But save a dry one for me hey? 


batz


----------



## Screwtop (20/3/12)

Batz said:


> OK Mike.
> 
> But save a dry one for me hey?
> 
> ...




Will do

Screwy


----------



## punkin (22/3/12)

Thanks for the detailed description, i'm guessing that when you say strained and added, you added the chips and discarded the water?

i have stacks of american oak here that i toast in sticks. I may try adding some to a batch of my cider. They come off with a load of vannilla and some maple flavours in bourbon.


----------



## Screwtop (22/3/12)

punkin said:


> Thanks for the detailed description, i'm guessing that when you say strained and added, you added the chips and discarded the water?
> 
> i have stacks of american oak here that i toast in sticks. I may try adding some to a batch of my cider. They come off with a load of vannilla and some maple flavours in bourbon.




Natch, discard the water and toss in the chips. Should be nice!

Screwy


----------



## Screwtop (2/4/12)

Well this is kegged and carbonated and tastes pretty damn good. I would change some things next time.... surprise, surprise!

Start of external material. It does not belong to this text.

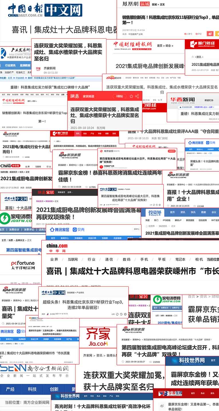 是榮譽,更是責任,酒香不怕巷子深,科恩集成灶十二余年品牌沉淀,始終保持初心砥礪前行,得到越來越多用戶的認可,備受市場、消費者關注,百余家媒體爭相報道,為科恩高速發展做出了積極的貢獻。

Next time double the amount of oak and add lactose (200g) at the beginning not post fermentation. Sweetness is spot on for balance. This one was 14L of Berri Apple and Pear and 6L of Homebrand Apple, would use all Berri Apple and Pear juice in the next one.

Screwy


----------



## troopa (2/4/12)

Its a slippery slope now screwy to a love of cider... im almost as happy to have a decent cider on tap now as i am to have a good AG 
And the worst thing about a cider is how bloody quick and easy it is even compared with a K&K. Makes you feel kinda dirty and a cheat sometimes hehe only sometimes 

Sigh at it being another 12 months before apple season again

Off to Aldi i go i ho i ho


----------